• Your objective: Retype each line of the material below word for word; pictures stay out.

• Information provided:
=-=-=-=-=
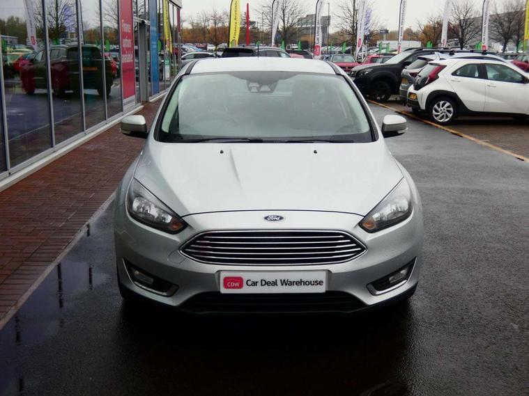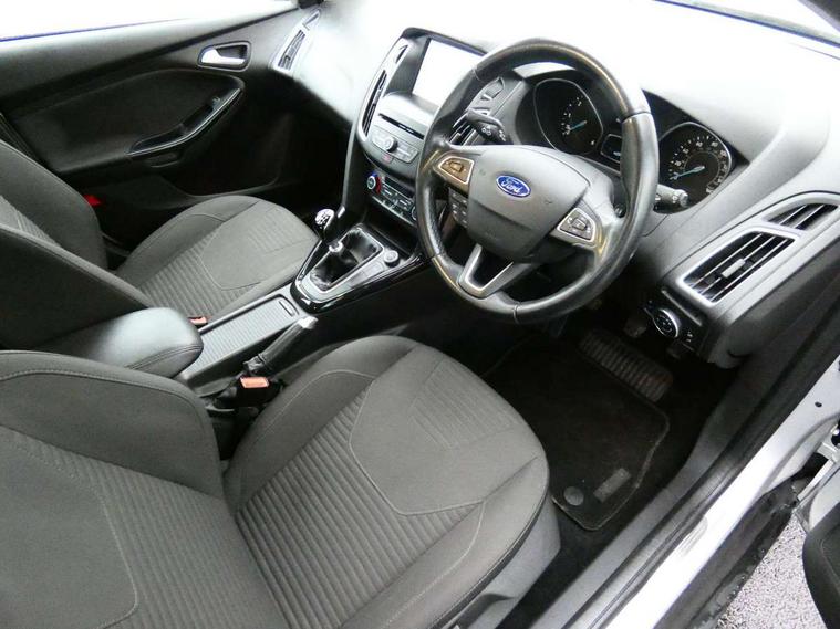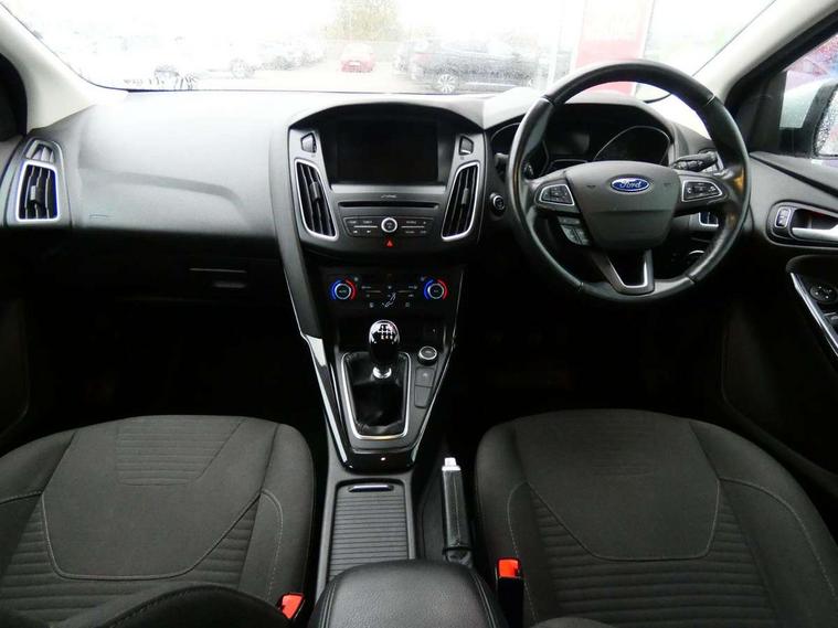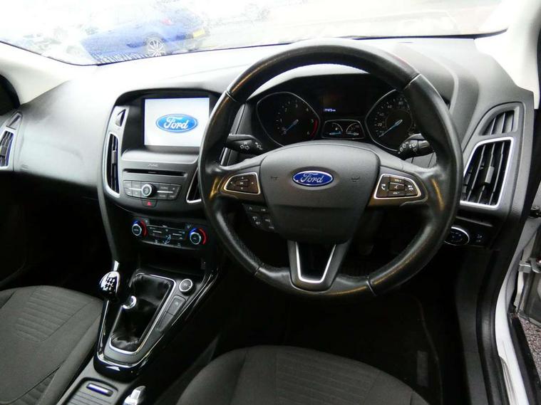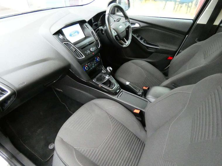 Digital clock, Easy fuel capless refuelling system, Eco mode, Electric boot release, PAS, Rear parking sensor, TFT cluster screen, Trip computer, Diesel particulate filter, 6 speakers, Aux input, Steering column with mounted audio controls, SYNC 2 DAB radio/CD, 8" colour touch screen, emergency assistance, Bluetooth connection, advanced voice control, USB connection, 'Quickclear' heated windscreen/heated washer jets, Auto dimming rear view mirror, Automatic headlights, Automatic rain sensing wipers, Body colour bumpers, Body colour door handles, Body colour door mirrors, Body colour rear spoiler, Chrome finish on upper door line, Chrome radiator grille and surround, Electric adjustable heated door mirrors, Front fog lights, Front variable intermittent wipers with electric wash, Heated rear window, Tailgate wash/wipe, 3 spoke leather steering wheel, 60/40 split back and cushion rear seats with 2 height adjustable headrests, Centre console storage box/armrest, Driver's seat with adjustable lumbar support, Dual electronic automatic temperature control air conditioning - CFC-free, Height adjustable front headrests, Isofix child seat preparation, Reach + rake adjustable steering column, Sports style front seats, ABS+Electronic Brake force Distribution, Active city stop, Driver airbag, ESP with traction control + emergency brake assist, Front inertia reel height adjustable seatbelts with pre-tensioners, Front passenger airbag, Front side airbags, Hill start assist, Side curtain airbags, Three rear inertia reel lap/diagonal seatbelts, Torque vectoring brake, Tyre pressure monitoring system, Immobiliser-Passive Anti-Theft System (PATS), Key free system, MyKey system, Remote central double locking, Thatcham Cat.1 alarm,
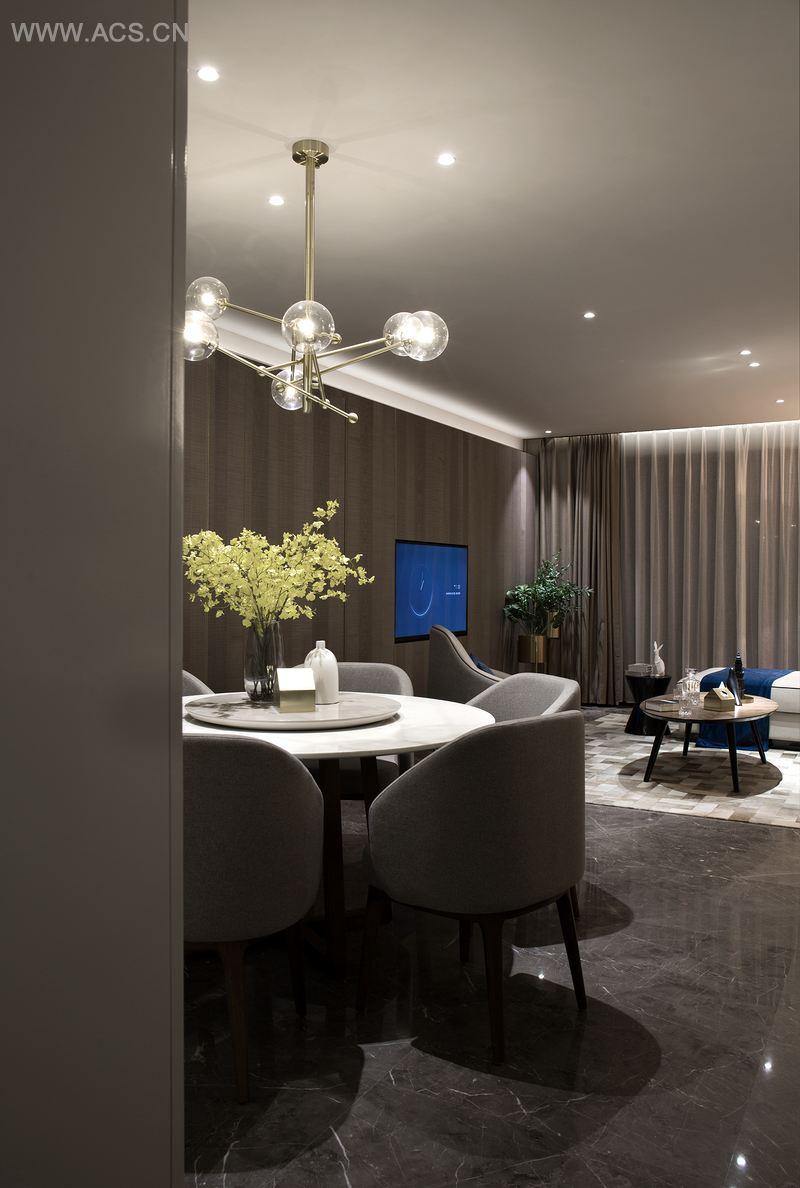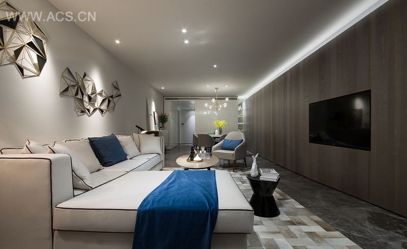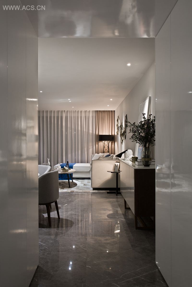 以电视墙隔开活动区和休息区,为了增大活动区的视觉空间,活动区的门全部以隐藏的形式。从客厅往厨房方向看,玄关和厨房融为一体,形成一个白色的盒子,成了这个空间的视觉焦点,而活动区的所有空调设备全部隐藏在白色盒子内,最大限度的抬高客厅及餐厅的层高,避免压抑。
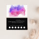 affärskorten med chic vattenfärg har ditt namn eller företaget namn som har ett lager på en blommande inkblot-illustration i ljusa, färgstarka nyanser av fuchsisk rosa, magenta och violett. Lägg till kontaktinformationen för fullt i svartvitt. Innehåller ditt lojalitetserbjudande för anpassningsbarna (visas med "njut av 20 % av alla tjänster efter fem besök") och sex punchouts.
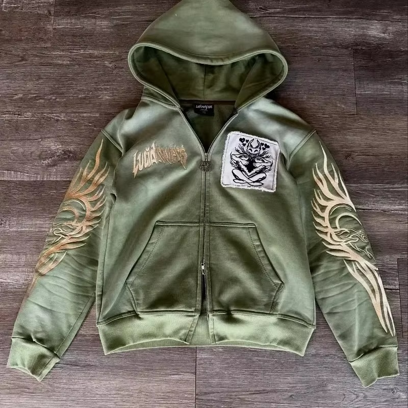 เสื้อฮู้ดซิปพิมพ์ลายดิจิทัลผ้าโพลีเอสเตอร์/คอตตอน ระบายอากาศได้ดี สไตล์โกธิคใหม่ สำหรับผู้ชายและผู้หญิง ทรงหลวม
=-=-=-=-=
• Result for this exercise:
 Digital clock, Easy fuel capless refuelling system, Eco mode, Electric boot release, PAS, Rear parking sensor, TFT cluster screen, Trip computer, Diesel particulate filter, 6 speakers, Aux input, Steering column with mounted audio controls, SYNC 2 DAB radio/CD, 8" colour touch screen, emergency assistance, Bluetooth connection, advanced voice control, USB connection, 'Quickclear' heated windscreen/heated washer jets, Auto dimming rear view mirror, Automatic headlights, Automatic rain sensing wipers, Body colour bumpers, Body colour door handles, Body colour door mirrors, Body colour rear spoiler, Chrome finish on upper door line, Chrome radiator grille and surround, Electric adjustable heated door mirrors, Front fog lights, Front variable intermittent wipers with electric wash, Heated rear window, Tailgate wash/wipe, 3 spoke leather steering wheel, 60/40 split back and cushion rear seats with 2 height adjustable headrests, Centre console storage box/armrest, Driver's seat with adjustable lumbar support, Dual electronic automatic temperature control air conditioning - CFC-free, Height adjustable front headrests, Isofix child seat preparation, Reach + rake adjustable steering column, Sports style front seats, ABS+Electronic Brake force Distribution, Active city stop, Driver airbag, ESP with traction control + emergency brake assist, Front inertia reel height adjustable seatbelts with pre-tensioners, Front passenger airbag, Front side airbags, Hill start assist, Side curtain airbags, Three rear inertia reel lap/diagonal seatbelts, Torque vectoring brake, Tyre pressure monitoring system, Immobiliser-Passive Anti-Theft System (PATS), Key free system, MyKey system, Remote central double locking, Thatcham Cat.1 alarm,
 以电视墙隔开活动区和休息区,为了增大活动区的视觉空间,活动区的门全部以隐藏的形式。从客厅往厨房方向看,玄关和厨房融为一体,形成一个白色的盒子,成了这个空间的视觉焦点,而活动区的所有空调设备全部隐藏在白色盒子内,最大限度的抬高客厅及餐厅的层高,避免压抑。
 affärskorten med chic vattenfärg har ditt namn eller företaget namn som har ett lager på en blommande inkblot-illustration i ljusa, färgstarka nyanser av fuchsisk rosa, magenta och violett. Lägg till kontaktinformationen för fullt i svartvitt. Innehåller ditt lojalitetserbjudande för anpassningsbarna (visas med "njut av 20 % av alla tjänster efter fem besök") och sex punchouts.
 เสื้อฮู้ดซิปพิมพ์ลายดิจิทัลผ้าโพลีเอสเตอร์/คอตตอน ระบายอากาศได้ดี สไตล์โกธิคใหม่ สำหรับผู้ชายและผู้หญิง ทรงหลวม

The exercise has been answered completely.